Read the full transcript of the interview

Helen Clark felt rejected after losing the election and took a while to come to terms with it, her husband, Peter Davis, revealed yesterday.

The pair appeared on TVNZ's Q & A show and in response to a question from Paul Holmes about what the former Labour Prime Minister was like in the weeks after the November 8 election loss, Professor Davis gave his insights.

"I think she felt rejected, because she felt she had done a good job - which I also believe - and had put her best foot forward and had been an almost incomparable Prime Minister and yet somehow the public had not seen that the same way," he said.

"So it took some time for her to come to terms with that and if I was in that position, I'd feel the same way, I guess."

After resigning as Labour leader on election night, Helen Clark gave no interviews about the election defeat until last week.

She has been confirmed as head of the United Nations Development Programme, the third most senior role in the UN, and will give her valedictory speech in Parliament on Wednesday.

Professor Davis, whose work commitments mean he will not be able to immediately accompany his wife to her new job in New York, said she had shown her real character.

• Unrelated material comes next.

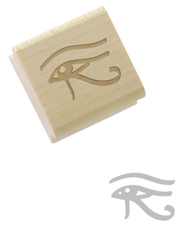 Tampon encreur en bois, motif Oudjat (œil d'Horus)
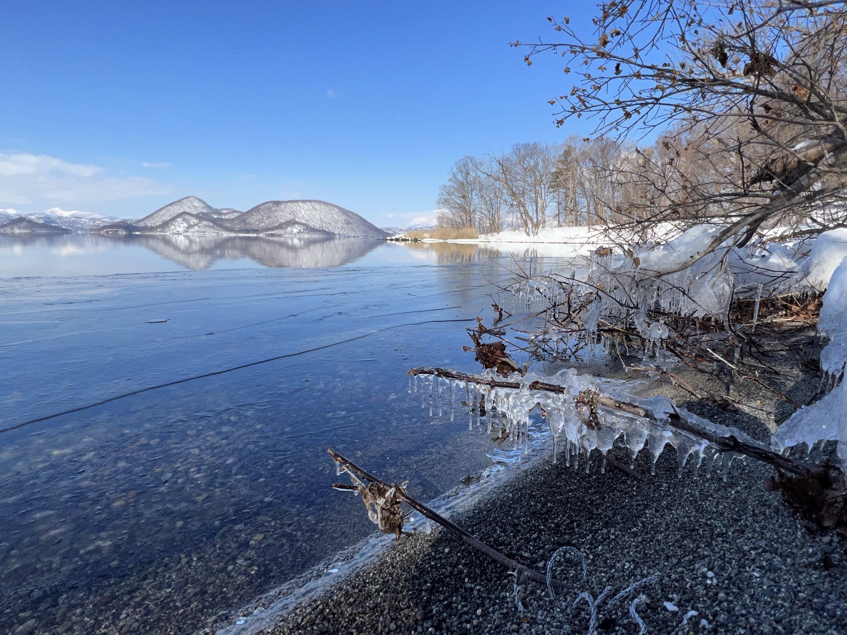 また、寒い日が続くと、不凍湖(冬に凍らない湖)である洞爺湖も、陸地に近い場所では、氷が張るところもあり、しぶき氷も見られます。

"In politics you realise that you've got ups and downs, hero to zero etc, and you have to come back all the time and she has - and I think she has shown her true character in that respect," he said as Helen Clark looked on.

Asked if the long-distance marriage would mean they would end up with nothing to say to each other, Helen Clark said "definitely not".

"We've been together since 1977, we have common interests, common hobbies, we do a lot of things together and Peter's own job [as an academic] involves quite a bit of international travel with conferences."

She was sure they would see each other a lot.

Professor Davis also said people were "starting to sell the idea" of New York to him. "It's definitely worth a try."

Helen Clark defended former Auckland Central MP Judith Tizard against critics who suggest she should stand aside and not return to Parliament if offered the chance through a list vacancy.

Ms Tizard is second in line on Labour's list, and could get a chance to re-enter Parliament

if former deputy Michael Cullen quits Parliament before a byelection in Helen Clark's Mt Albert electorate, letting first-in-line Damien O'Connor back in on the list, and if list MP Phil Twyford won the Mt Albert seat, creating a second list vacancy.

Helen Clark is a friend of Judith Tizard and her mother, Dame Catherine Tizard.

Helen Clark said the list process had to have integrity.

"Judith was selected through a process with integrity, she's absolutely entitled to take up that seat if that's what happens."